The DPR paper predates RAG and gives nascent ideas about Vector databases.

This paper was a bit hard to read as there are no diagrams. I mean i spent sometimes drawing the diagram in my head. There were also steps that left me confused as to the actual implementation.

Dense means dense vectors, vectors consisting of non-zero elements. Passage here means answers.

the advances of reading comprehension models suggest a much simplified two-stage framework: (1) a context retriever first selects a small subset of passages where some of them contain the answer to the question, and then (2) a machine reader can thoroughly examine the retrieved contexts and identify the correct answer

Before, answering questions relied on keyword matching.

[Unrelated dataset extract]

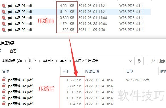 第四步,从上述例子可见,压缩后的PDF文件体积明显小于压缩前。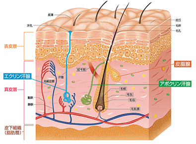 エクリン汗腺、アポクリン汗腺からの汗の分泌が抑制されます。エクリン汗腺からの汗の分泌が減少することで多汗症の改善に効果があります。

This paper proposes a fine-tuning approach to create great vector embeddings using only pairs of q&as. “the embedding is optimized for maximizing inner products of the question and relevant passage vectors, with an objective comparing all pairs of questions and passages in a batch.”

With special in-memory data structures and indexing schemes, retrieval can be done efficiently using maximum inner product search (MIPS) algorithms

Assume that our collection contains D documents, d1, d2, · · · , dD. We first split each of the documents into text passages of equal lengths as the basic retrieval units3 and get M total passages in our corpus …, where each passage pi can be viewed as a sequence of tokens … . Given a question q, the task is to find a span … from one of the passages … that can answer the question.

Basically, it cuts the documents into chunks and selects the answer from that.

We focus our research … on improving the retrieval component in open-domain QA. Given a collection of M text passages, the goal of our dense passage retriever (DPR) is to index all the passages in a low-dimensional and continuous space, such that it can retrieve efficiently the top k passages relevant to the input question for the reader at run-time.

Our dense passage retriever (DPR) uses a dense encoder EP (·) which maps any text passage to a d dimensional real-valued vectors and builds an index for all the M passages that we will use for retrieval.

At run-time, DPR applies a different encoder EQ(·) that maps the input question to a d-dimensional vector, and retrieves k passages of which vectors are the closest to the question vector. We define the similarity between the question and the passage using the dot product of their vectors

Each training sample has: question, answer and irrelevant words (negative). It’s loss function maximizes the similarity score between the query and its positive passage while minimizing the score between the query and all the negative passages.

We test these alternatives and find that L2 performs comparable to dot product, and both of them are superior to cosine

A very clear paper IMO.